Firstly, the raw material polyamine 6,10 raw material is melted into a melt at a high temperature of 280 ° C, and extruded at a rate of 300 c.c. /min, and the melt is extruded from the spinning hole by spinning. Biopolymer polyamine 6,10 fiber filament bundle, and cooled by cold air at 20 ° C outside the spinning hole, and then collected into a large tow, which was cut into staple fiber after stretching to a fiber fineness of 10 um (Staple And then, through the carding process, the staple fiber polyamine 6,10 fibers are dispersed on the conveyor belt, and stacked on the conveyor belt into a biopolymer polyamide 6,10 fiber network structure; A cellulose pulp (plup) having a degree of polymerization of 750, added with N-methylmorpholine N-oxide (NMMO), mixed at 60 ° C, and then heated at 120 ° C using a vacuum thin film evaporator. The water after evaporation and dissolution in 5 minutes is removed to 5~13% to form a mucus, and the mucilage is squeezed out from the spinning mouth to form natural cellulose at an extrusion rate of 300 c.c./min. The fiber is stretched outward through the spinning port with a cooling distance of 10 cm and a cooling air of 20 ° C, and then drawn into the air drafter. The high-speed high-speed drawing at a drawing speed of 1500 m/min forms a uniform natural cellulose fiber, and is deposited on the above-mentioned conveyor belt of the biopolyamine 6,10 fiber network structure, and finally, the water mist is sprayed. The polyamidoamine 6,10 fiber and natural cellulose fiber are coagulated and regenerated, and sequentially passed through the process of water needle rolling, drying and coiling, thereby obtaining a moisture-absorbing transfer non-woven fabric having a basis weight of 39.8 g/m ² . The process parameters set in the above items are summarized in Table 7.

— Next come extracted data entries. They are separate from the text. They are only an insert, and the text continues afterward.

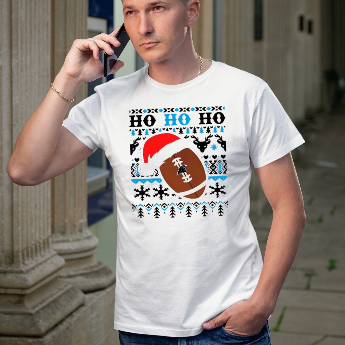 Carolina Panthers Ho Ho Ho Football Santa Christmas 2024 Nfl T-Shirt
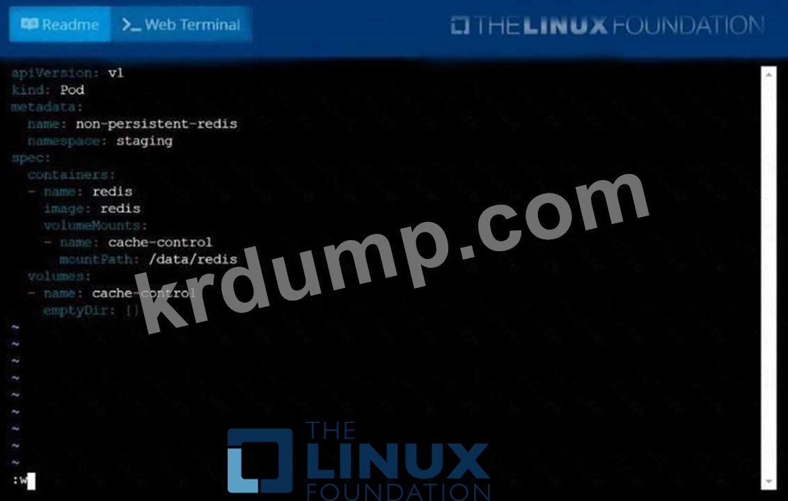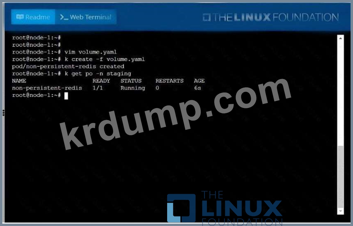 apiVersion: v1kind: Podmetadata: creationTimestamp: null 이름: app-dataspec: 볼륨: - 이름:congigpvc persisenVolumeClaim: claimName: 앱 데이터 컨테이너: - 이미지: nginx 이름: 앱 볼륨 마운트: - mountPath: "/srv/app-data" 이름: configpvc
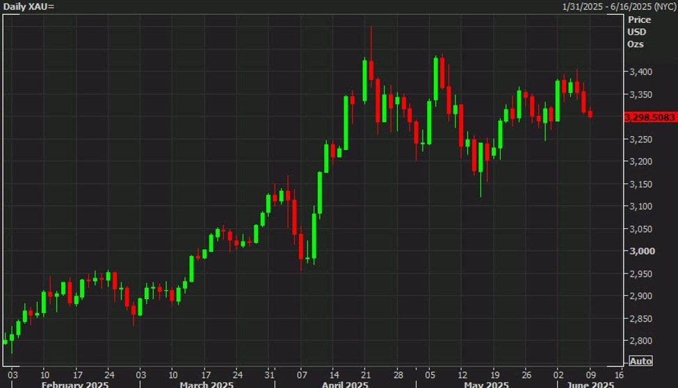 I see gold as mainly a barometer for the trade war at the moment and I think we will see some US deals in the week ahead. The G7 is coming up June 15-17 with Trump traveling to Canada and I expect he will want to make some announcements before then. China isn’t going to get done in that timeline but there could be some real progress with the teams slated to be in London all week. In addition, there are strong hints that a deal with Canada is possible this week.
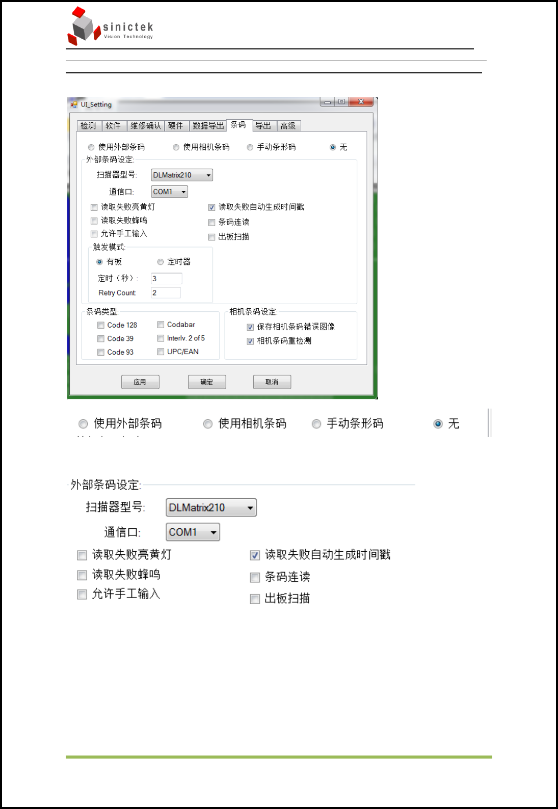 外部条码设定:选择外接式条码枪的型号,目前支持 Datalogic 的 Matrix210

The above-mentioned Examples 9 to 12 were subjected to mechanical direction strength (MD), vertical direction strength (CD), water absorption (%), contact angle (degree), moisture repellent amount (g), water absorption time (sec), and softness. The measurement of the bending resistance test (mm) and other items is shown in Table 8:

Comparing Examples 9 to 12 in the above Table 8 with Comparative Examples 1 to 4 in Table 4 It can be seen that the moisture absorbing transfer non-woven fabric according to still another embodiment of the present invention has mechanical direction strength (MD), vertical direction strength (CD), water absorption rate, contact angle, moisture regain amount, water absorption time and softness. The degree of bending resistance and other items are superior to all the comparative examples, and the control of adjusting the amount of the biopolyamine 6,10 fiber content in the process can also improve the water repellency and moisture absorption transfer effect of the hydrophobic layer. Therefore, the non-woven fabric prepared according to still another embodiment of the present invention still has a characteristic of high moisture absorption transfer function.

In the above step a of the present invention or step a of another embodiment of the present invention or step a of another embodiment of the present invention, the polymer polyamine 6,10 (Bio-Polyamide 6, 10) is used. The raw material can be changed into high molecular weight polyamide 6 (Nylon 6) or high molecular weight polyamide 6,6 (Nylon 6,6) or high molecular polyester (PE) or high molecular polypropylene. a material having a hygroscopic transfer non-woven fabric obtained by a method such as (PP) or a polylactic acid, and having a method according to the present invention or another embodiment of the present invention or another embodiment of the present invention. In addition to the characteristics of the moisture absorption transfer function, it also reduces the high molecular weight polyamine 6 (Nylon 6) or high molecular weight polyamine 6,6 (Nylon 6,6) or high molecular polyester. (polyester) or high molecular weight polyethylene (PE), high molecular weight polypropylene (PP) or high molecular weight polylactic acid (polylactic acid) and other raw materials, so indirectly can reduce the oil and its derivatives required for the manufacture of these raw materials The dependence of the source of the product and the impact of damage to the global environment.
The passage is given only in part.